_Given data_.
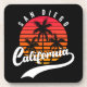 San Diego coaster with a retro design that features a sunset and palm trees on black background (customisable bg colour). This design also has California in a handwritten font with a swash tail glyph for that stylish retro look. These coasters are just for you if you are from San Diego or you can get as a gift or souvenir for someone.
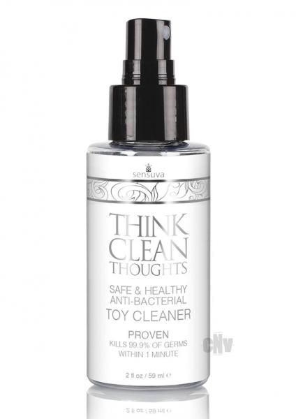 Think Clean Thoughts is a quick and simple-to-use anti-bacterial cleaning spray, containing active anti-microbial ingredients proven to kill 99.9% of all germs, and it is mild enough to not cause irritation to delicate tissue. Made with healthy ingredients such as: water, witch hazel extract, grape seed extract, sweet orange and other true essential oils. Think Clean Thoughts is a better choice for cleaning pleasure products than standard bar hand and body soaps because it is oil-free and will not break down toy materials, nor does it leave any residue that may be irritating to delicate tissue. Simple to use: spray directly onto pleasure products both prior to use, and afterward. Wipe away extra fluid.
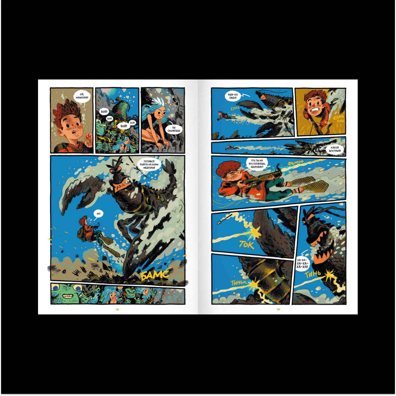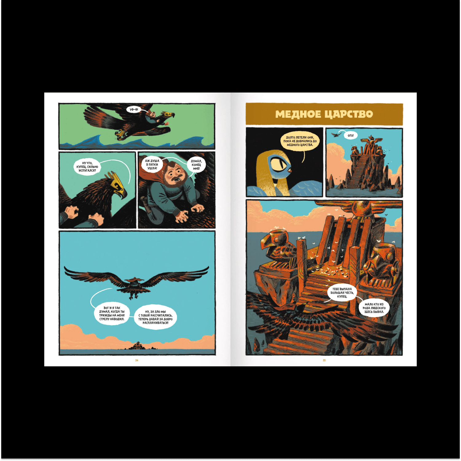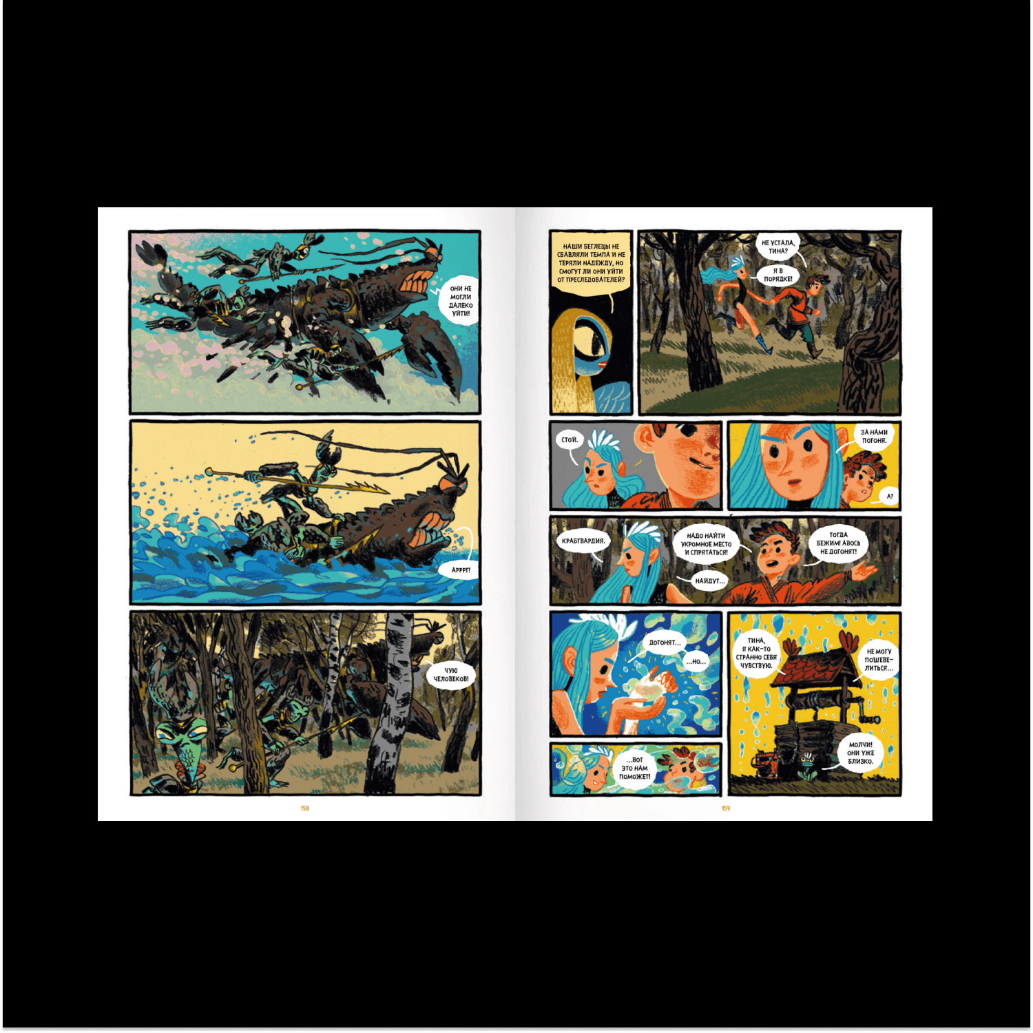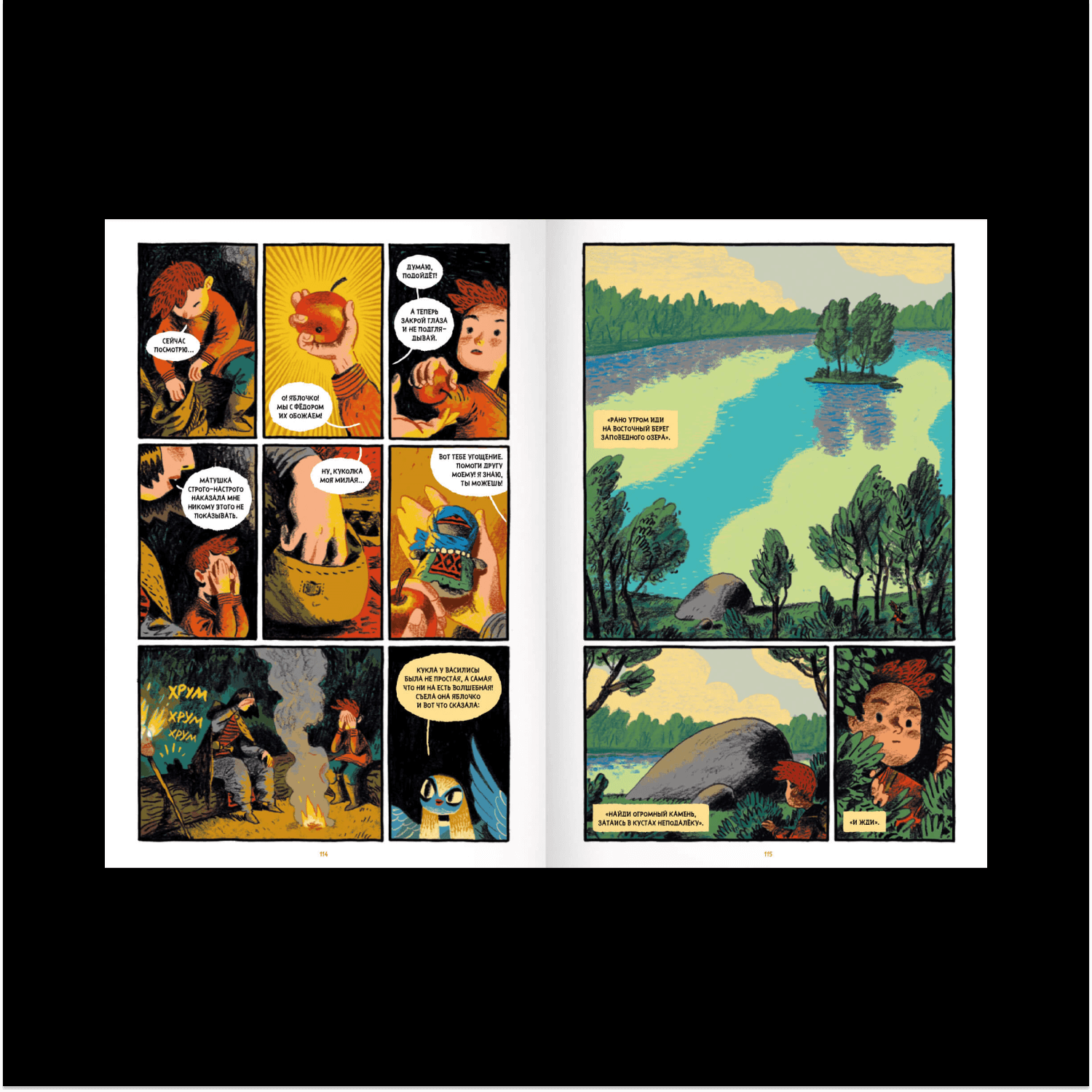 После Англии среагировали испанцы и французы. И в 2020-м, наконец, «Бумкнига» решилась издать у нас — но я хочу отметить, что они купили права до того, как книжка отправилась по всем фестивалям и номинациям. Так что все честно, на любви к искусству! Пока они готовили издание, прикатили три французские номинации и номинация на Айснера. Это хорошее подспорье — стало чуть понятнее, как меня продавать в России. Я не писатель, хотя официально теперь таковым считаюсь. Скорее я бы назвал себя сценаристом. Когда я решился сделать комикс, то сначала стал пробовать работать с чужими сценариями, но вскоре понял, что хочу все делать сам, отвечать за все аспекты своей работы и принимать все решения. Тогда мне пришло озарение — взять русские народные сказки. На них не распространяется авторское право — бери, переделывай как хочешь. И, главное, это истории, проверенные тысячелетиями, в них есть некое зерно, которое пережило много поколений и по-прежнему остается интересным. Если на это зерно посмотреть взглядом человека, который читает современную литературу и смотрит сериалы Netflix, — оказывается, что там есть большой простор для творческого и визуального самовыражения.

_Exercise requirements_. Leave out the pictures and repeat the lines from the start of the material through the line with "Think Clean Thoughts is a quick", inclusive.

_Result below_.
 San Diego coaster with a retro design that features a sunset and palm trees on black background (customisable bg colour). This design also has California in a handwritten font with a swash tail glyph for that stylish retro look. These coasters are just for you if you are from San Diego or you can get as a gift or souvenir for someone.
 Think Clean Thoughts is a quick and simple-to-use anti-bacterial cleaning spray, containing active anti-microbial ingredients proven to kill 99.9% of all germs, and it is mild enough to not cause irritation to delicate tissue. Made with healthy ingredients such as: water, witch hazel extract, grape seed extract, sweet orange and other true essential oils. Think Clean Thoughts is a better choice for cleaning pleasure products than standard bar hand and body soaps because it is oil-free and will not break down toy materials, nor does it leave any residue that may be irritating to delicate tissue. Simple to use: spray directly onto pleasure products both prior to use, and afterward. Wipe away extra fluid.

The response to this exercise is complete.